Heatly trained twice a day at the Newmarket Pool in Auckland, which accommodated 5000 spectators in its open-air arena. The official report of the Games recalls the divers ‘trained from six to eight hours daily, undeterred by sunburn, cracked lips and peeling noses.’ However, in his report to the Scottish National Sports Federation, the forerunner to Commonwealth Games Scotland, Heatly noted the depth of the pool designated to diving didn’t quite reach international standards. ‘Consequently’, he wrote, ‘in executing certain dives, the point of entry into the water is made at places where the depth is below the limits of safety.’ Regardless, Heatly’s diving from the highboard, against his main rival George Athans of Canada, was imperious and he comfortably won the gold medal with a combined score of 156.07. In the 3m Springboard the tables were turned as Heatly flunked his final dive to enable the Canadian victory by 0.41 points, the smallest of margins.

The hosts New Zealand had entered five divers in to the men and women’s competitions ‘all capable of executing dives of the standard required for international competition’. Heatly lamented the state of Scottish diving which at this time persisted with the concept of ‘Graceful Diving’, unfashionable internationally, and concluded: ‘Until such time as these events are erased from the list of Scottish Championships, Diving in Scotland will continue to remain in its primitive state.’

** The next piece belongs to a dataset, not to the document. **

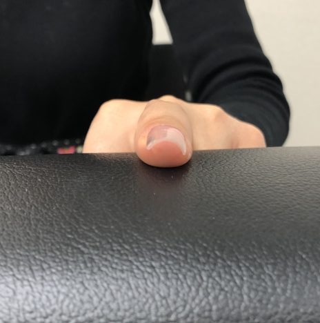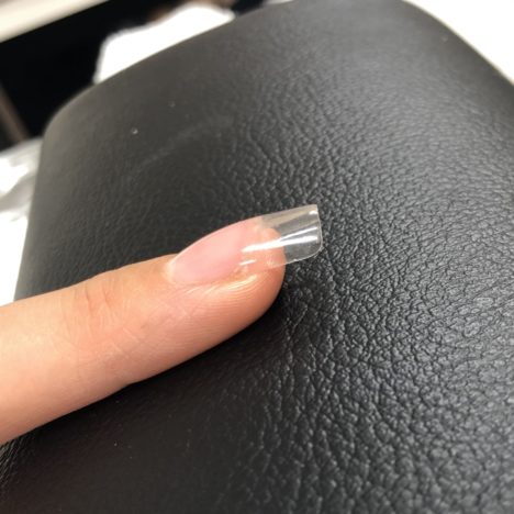 本日のデモはジェル検定上級のジェルスカルプです。 横から見た時にキューティクルと先端のちょうど真ん中にハイポイントが来るようにする事。サイドストレートもストレスポイントを削らないように真っ直ぐにね!
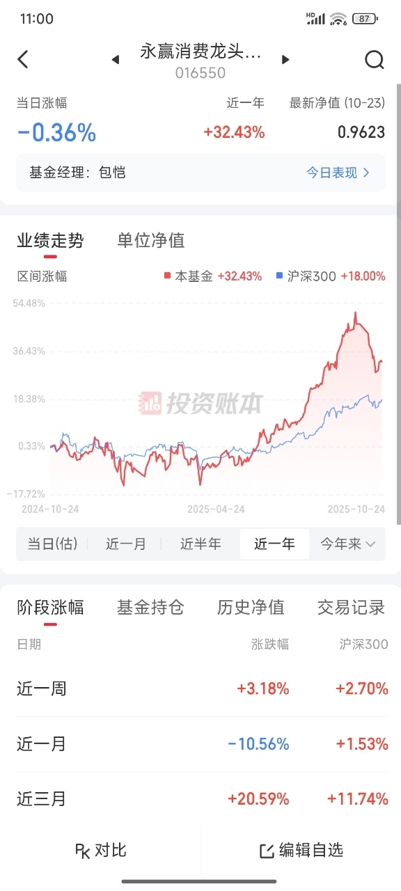 眼下不确定因素仍在,我还是在消费这里继续避险比较好,本金安全必须放第一位,看好永赢消费龙头智选混合C016550昨天净值涨0.41%,近六个月收益率42.06%,这只主投传媒+应用及游戏,性价比高,希望未来有个好收益。

Sir Peter did more than anyone to modernise Diving in Scotland, going on to compete in two further Commonwealth Games as well as the 1952 Helsinki Olympics. He subsequently became Team Manager in the 1960s and was integral to the delivery of the first Commonwealth Games held in Scotland in 1970, employing his knowledge of pool engineering to assist the design of the Edinburgh Commonwealth Pool. The pinnacle of his administrative career in sport came as Chairman of the Commonwealth Games Federation between 1982 to 1990. In his albums, scrapbooks and assorted collection of official Team Scotland blazers, ties and ephemera, Heatly has left a remarkable archival legacy of Scotland’s participation in the Games. The family heritage in aquatic competition was passed on to his grandson, James Heatly, who dived for Scotland in the 2014 and 2018 Games. James’s bronze in the 1m Springboard in Gold Coast was Scotland’s first Diving medal since his grandfather 60 years previously.